INSTAGRAM BY THE NUMBERS – @WEARECISCO TO DATE:

  • Launched channel in August 2015 as CiscoCareers
  • From 0 to more than 5K to date
  • Instagram account earns above-industry standard in engagement
  • Instagram verified-account when we became WeAreCisco
  • For all social channels – our Klout score has jumped from below 40 to over 60

Because our social media posts don’t always have a call to action to apply–because we’re operating a lot at the “top of the funnel”–we know anecdotally that we are sending job applicants, and we have conversations with talent all the time who see our posts and ask “How can we apply?”

WHAT WE MISSED

METRICS

While we have some of our social metrics, what we don’t have is a detailed understanding of how many job applies we’ve sent. That’s because when we tested against our ATS (Applicant Tracking System), any tracking codes dropped when people hit the site from a mobile device.

Social media is a mobile game. 80% of users come from a mobile device. So when someone clicks a link from Twitter or Instagram, that gets clumped in our metrics into the Mobile category. That mobile category as a driver of applies is a pretty high percentage. However, we can’t parse out what’s social (the social team feels like it’s a pretty substantial piece, based on the click data from the social platform insights.)

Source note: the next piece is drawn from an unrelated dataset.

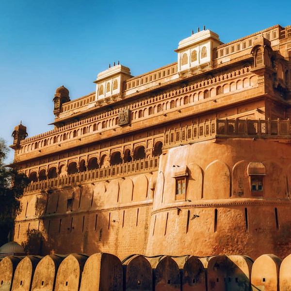 La mattina, visita al forte di Junagarh costruito tra il 1588 e il 1593 dal raja Rai Singh, generale dell'esercito di Akbar, imperatore dei Moghul. Il forte è circondato da mura lunghe 986 metri, dotate di 37 bastioni, con la Surajpol (o Porta del sole) che rappresenta l'ingresso principale del complesso. Le strutture all'interno di queste mura si concentrano sul lato sud e creano un insieme pittoresco di cortili, balconi, chioschi, torri e finestre. Una delle caratteristiche principali del forte è la bellezza delle sculture in pietra che decorano alcuni dei palazzi più sontuosi.
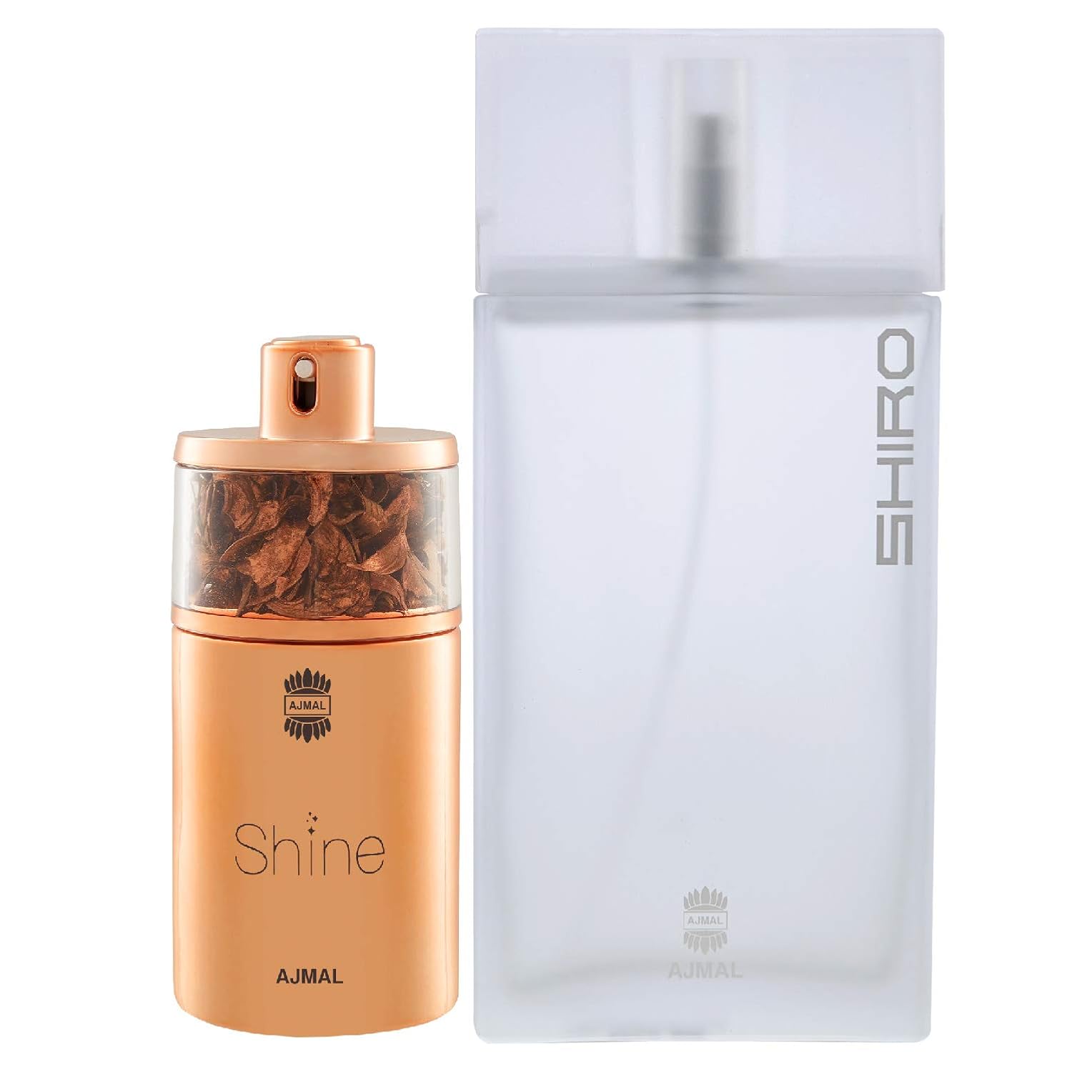 Q: What is the price of Ajmal Shine EDP Floral Powdery Perfume 75ml for Women and Shiro EDP Citrus Spicy Perfume 90ml for Men?

Because more people read the blog from a computer, we can see that we’ve driven a significant number of job applies from those stories–more than 1000. However, we’re still missing mobile numbers now.

The solution is a new ATS.

SCALABILITY

Two social media folks plus five channels plus two blog posts a week is a lot of content. Between training people to be social, how to write, how to tell a story and editing when they do, we’re often actively looking for content. This is time-intensive.

Another piece of scaling this is really internal PR. Letting other teams know that we’re here, we have a voice, and we have a place at the table. Internal stakeholders will go through traditional channels to  create traditional content, but when it comes to asking for promotion in our channels, it doesn’t match the tone, voice and goals. We’ve made progress, but it’s usually us being drawn into the process at the end, rather than at the beginning. We take it team by team.

FROM GLOBAL TO LOCAL

There is often a need for hyper-local content, which, without a paid strategy, isn’t feasible. Posting about an event in Houston from a Twitter account is akin to “spray and pray” (how many of our US followers are in Houston and at this event).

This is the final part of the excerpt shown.